Parish Episcopal School is a co-educational, college preparatory day school, serving students in PreK through 12th grade across two campuses in Dallas, Texas. As of the 2023-24 school year, enrollment is approximately 1,200 students, making it one of the largest independent schools in Dallas County.

==History==
Parish Episcopal School was founded in 1972 as Parish Day School, an outreach ministry of the Episcopal Church of the Transfiguration in Dallas. Led by the founding headmistress Mary Loving Blair, the school started with PreK and kindergarten, and expanded to include elementary and middle school grades at its Hillcrest campus at Hillcrest Road and Spring Valley Road. In 2001, the school was renamed Parish Episcopal School to reflect its broader academic mission as a college preparatory, independent school, educating students from PreK - 12th grade. In 2002, the school acquired the former ExxonMobil campus at Midway Road and Spring Valley Road, featuring building designed by architect I. M. Pei. The renovated 50-acre Midway campus opened in 2004 for 3rd through 12th grades. The original Hillcrest campus remains for PreK through 2nd grade. Dr. Matthew J. Rush, who was previously at The Kincaid School in Houston, TX, currently serves as the Parish's Allen Meyer Family Head of School.

== Academics ==
The Upper School offers honors and AP courses. Students are expected to take a course of study which meets the entry requirements of major colleges and universities.
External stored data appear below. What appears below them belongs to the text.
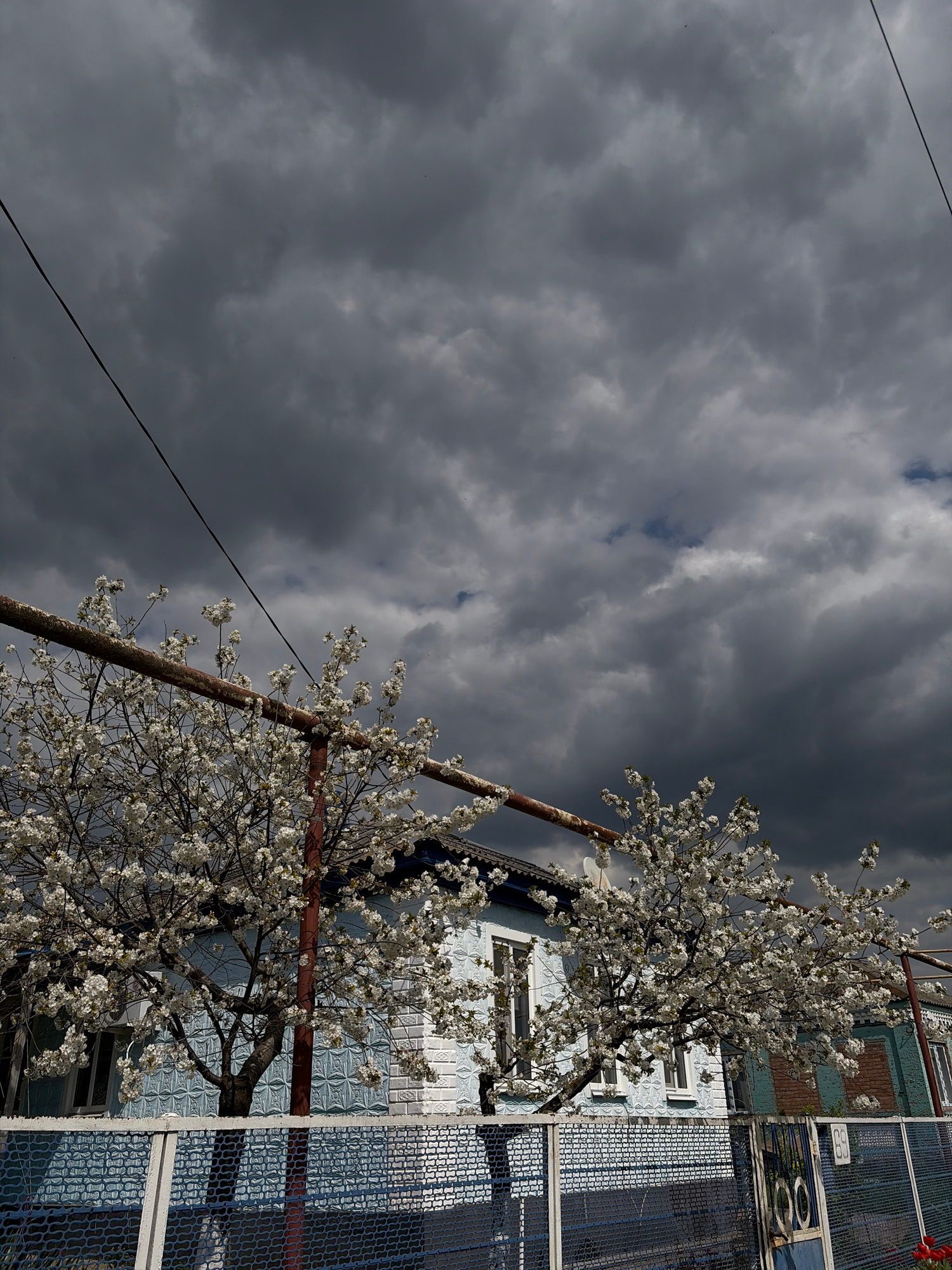 The image captures an outdoor scene featuring a flowering tree against a backdrop of a building and an overcast sky. The perspective is angled upwards, emphasizing the sky and the upper portions of th…read more
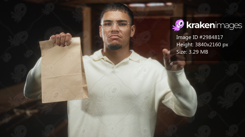 Man holding paper bag and points finger up in studio interior, wearing glasses and white pullover, neutral displeased expression; warning disapproval.
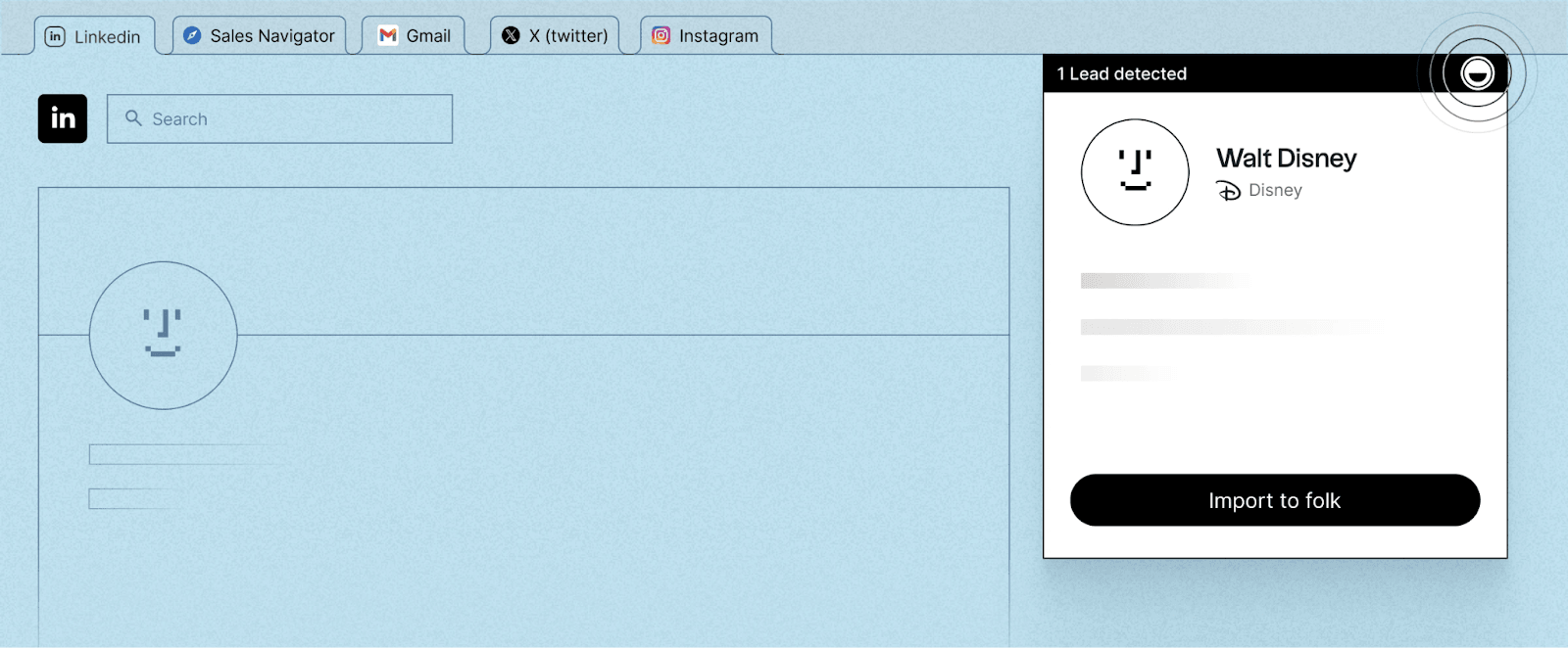 - One-click LinkedIn capture and enrichment

Beginning in eighth grade there is a world religions study which is required. Lower grades take part in religion classes.

== Campus life ==
The Parish Midway campus is centered around a 337000 sqft academic building designed by an architecture team of I.M. Pei and Henry N. Cobb. A former ExxonMobil office complex, the building in North Dallas was acquired in 2002. A performing arts center was added. The new Upper School includes science labs, a teaching darkroom, Smart Boards in almost all classrooms, world languages labs, and a counseling center. Surrounding this central building are athletic facilities with a gymnasium, playing fields, and a stadium. The original Hillcrest Campus is located approximately 5 mi east of Midway Road on the grounds of the Church of the Transfiguration. The Hillcrest campus houses the school's Pre–K through grade 2 program.

== Religious life ==
In 2012, Episcopal Church of the Transfiguration restructured, giving up ownership of Parish Episcopal School. The decision allowed Parish to maintain accreditation as an independent private school. Parish Episcopal School is now governed by a board of trustees, a percentage of whom are members of the church.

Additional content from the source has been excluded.